These updates ensure that researchers can more reliably interpret coded values for categorical variables across instruments and domains. Full details on the coding standards for binary and non-responses are provided here. The table below lists all previously released variables that have been affected by these changes to help researchers adjust any existing analysis scripts accordingly.
Administration timestamps and ages
In previous ABCD releases through the NIMH Data Archive (NDA), each table included an interview_date
column. While the column name suggested that the data was collected on that date, it actually represented the start date of a visit and was duplicated across all tables. This approach did not account for multiday visits or other out-of-sync administrations.
For the 6.0 release, we introduced table-specific administration timepoint variables {table_name}_dtt
, which reflect the actual date and time when the forms were administered, when available. This change allows for more precise temporal alignment. Additionally, based on these variables, we provide table-specific age variables {table_name}_age
to enhance age-related analyses (see here for more details).
Summary scores
In an effort to correct errors, improve algorithms based on advancements in the relevant fields, increase consistency across measures and domains, and enhance transparency for users, all summary scores computed by the DAIRC2 were re-developed for the 6.0 release. This includes both previously released summary scores and new scores developed since the last release.

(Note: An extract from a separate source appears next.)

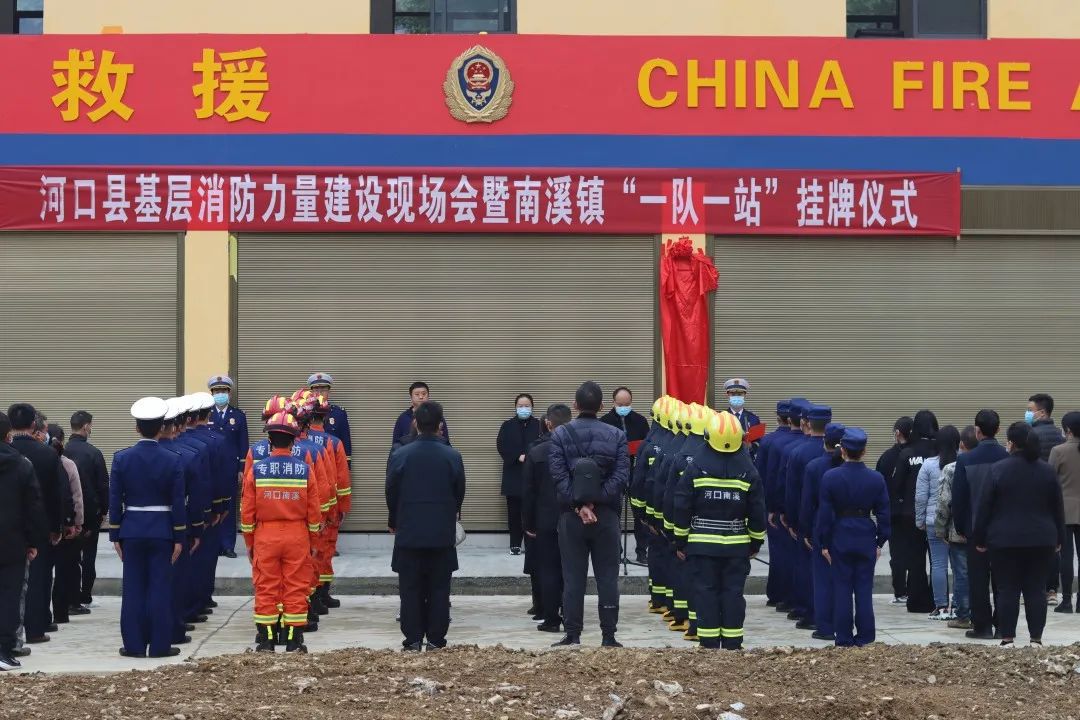 自基层消防力量建设工作开展以来,河口县高度重视、精心谋划,加大力量投入,从人力、财力及物力上给予全方位支持,在县委、县政府的关心支持和各相关部门的合力推动下,按时达标完成了建设任务,于9月9日所有乡镇全部完成“一队一站”揭牌。目前,各乡镇消防工作站的人员、装备器材以及车辆已全部按照标准配足配齐,并投入实体化运行。

The code to compute the various scores has been published as an R package called ABCDscores
on GitHub and is accompanied by a documentation website. The goal of making the package public is to support transparency and reproducibility of ABCD release data by providing the exact algorithms and code used to compute the released summary scores. This allows users to tie a specific data release version to the corresponding version of the codebase (see also here for the rationale behind creating this R package).
The re-development aimed to implement consistent standards across domains. For example, a maximum of 20% missing ingoing items was established, and wherever possible, (prorated) sums were replaced with means. Additionally, variables reporting the total number of items in a score were removed, as they represent redundant information that does not vary between participants.
Due to the significant changes made to many summary scores included in previous releases, we did not maintain the mapping between current and legacy variable names (see here). This decision was made to indicate to users who may have used those variables in previous analyses that the contents may differ significantly in the 6.0 dataset. Direct comparisons should only be made after consulting ABCDscores
and the accompanying documentation to understand the new algorithms.
Other general data changes
During the recuration process, we made several general changes to the data structure and content to improve usability and consistency across the dataset. These changes include:
- In previous releases, variables that captured the same concept were sometimes named differently across different events. To reduce redundancy and confusion, these variables have been collapsed into a single variable.
- Previously, all variables were associated with a longitudinal event. Static variables (such as race, ethnicity, genetic PCs, etc.) were typically linked to the baseline event. In the 6.0 release, static variables are now provided in static data tables—tables that do not include the session/event column
session_id
(see here for more details on the identifier columns). This change facilitates easier linking of static variables to the longitudinal data tables.
Core domains
ABCD (General)
Standard variables tables
The 6.0 release includes two new tables that contain important variables likely to be of interest for a wide range of analyses. These tables include static variables (ab_g_stc
) and dynamic/longitudinal variables (ab_g_dyn
) that are not specific to any particular domain. Examples of these variables include visit-level information, design/nesting variables, and variables useful for describing the cohort.
School and district IDs
For the 6.0 release, school and district IDs were amended due to the following changes. Please note that these changes are specific to the pseudo school ID ab_g_dyn__design_id__district
and ab_g_dyn__design_id__school
and do not impact the linked SEDA data:
- Additional data were recovered from earlier data collection interfaces. These data were used to recalculate available data as prior data releases had applied a filter restricting inclusion to cases with >= 10 pseudo IDs.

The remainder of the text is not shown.